Photo 52 — To prevent the hasp from cutting through the cover material, we created a thin vinyl "gasket" to separate the hasp from the cover.
Photo 53 — Similar to the hasp hardware, the alignment pin may need shims under it. Here two shims were needed. As a practical matter, if you can't find black vinyl sheet, you can always use a Sharpee brand marker to color the edge of the shim so it's not noticeable.
Photo 54 — Front view of the alignment hardware on the front panel. The mating dowel end would be on the front of the lid. This was fastened using round head threaded rivets. Truss head versions would not sit into the depression well, but the round head fits nicely.
Photo 55 — Necessity is the mother of invention. A design flaw noted during this project was the ability to easily lift the lid. Rather than add a separate piece of hardware, the locking hasps were modified. Here some brass flat stock was formed into a "finger" hook, sanded, and plated before attaching to the lid with small wood screws. The upper hasp piece was notched to accept the hook.
Photo 56 — The main body of the trunk is fitted with one piece of material, starting from the rear, wrapping around one side, along the front and down the other side to the rear.
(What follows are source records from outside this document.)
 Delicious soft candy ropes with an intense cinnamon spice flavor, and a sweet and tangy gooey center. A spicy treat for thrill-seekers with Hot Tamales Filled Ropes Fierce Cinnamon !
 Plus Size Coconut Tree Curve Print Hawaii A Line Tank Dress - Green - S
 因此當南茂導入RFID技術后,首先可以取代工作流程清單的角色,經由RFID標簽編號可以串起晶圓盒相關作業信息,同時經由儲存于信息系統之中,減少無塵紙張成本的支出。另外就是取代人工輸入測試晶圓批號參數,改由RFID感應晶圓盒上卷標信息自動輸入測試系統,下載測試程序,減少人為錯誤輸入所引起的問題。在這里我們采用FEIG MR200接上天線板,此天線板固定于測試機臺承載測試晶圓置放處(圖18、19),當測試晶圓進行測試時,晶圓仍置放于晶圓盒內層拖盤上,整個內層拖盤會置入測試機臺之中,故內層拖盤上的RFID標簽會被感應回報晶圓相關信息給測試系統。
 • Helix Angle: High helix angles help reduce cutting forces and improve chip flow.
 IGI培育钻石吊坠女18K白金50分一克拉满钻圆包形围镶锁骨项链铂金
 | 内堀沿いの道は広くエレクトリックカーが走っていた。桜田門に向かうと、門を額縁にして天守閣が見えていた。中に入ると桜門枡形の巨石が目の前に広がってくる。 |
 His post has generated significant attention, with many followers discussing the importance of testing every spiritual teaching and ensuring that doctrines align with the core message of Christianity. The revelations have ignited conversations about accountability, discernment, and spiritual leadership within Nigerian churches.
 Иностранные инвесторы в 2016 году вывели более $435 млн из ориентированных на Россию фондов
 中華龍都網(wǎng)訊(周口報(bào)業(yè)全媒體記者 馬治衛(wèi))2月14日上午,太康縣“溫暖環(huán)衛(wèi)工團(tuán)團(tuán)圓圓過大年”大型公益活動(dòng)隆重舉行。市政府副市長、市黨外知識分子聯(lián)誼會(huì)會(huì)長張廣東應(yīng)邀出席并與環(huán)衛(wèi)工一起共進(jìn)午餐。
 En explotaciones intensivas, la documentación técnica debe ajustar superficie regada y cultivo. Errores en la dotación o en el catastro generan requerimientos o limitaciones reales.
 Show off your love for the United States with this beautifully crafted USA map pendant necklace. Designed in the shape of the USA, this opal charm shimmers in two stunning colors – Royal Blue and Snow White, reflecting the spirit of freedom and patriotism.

There is only a small piece along the front that needs this, but it avoids a seam that would have to be covered.
Photo 57 — The main body of the trunk has been covered from a single piece. Starting at the front, it is glued and smoothed out, and then each side is glued, one at a time. This job requires more than two hands, so you will need an assistant to help pull the material around the sides and ending at the back.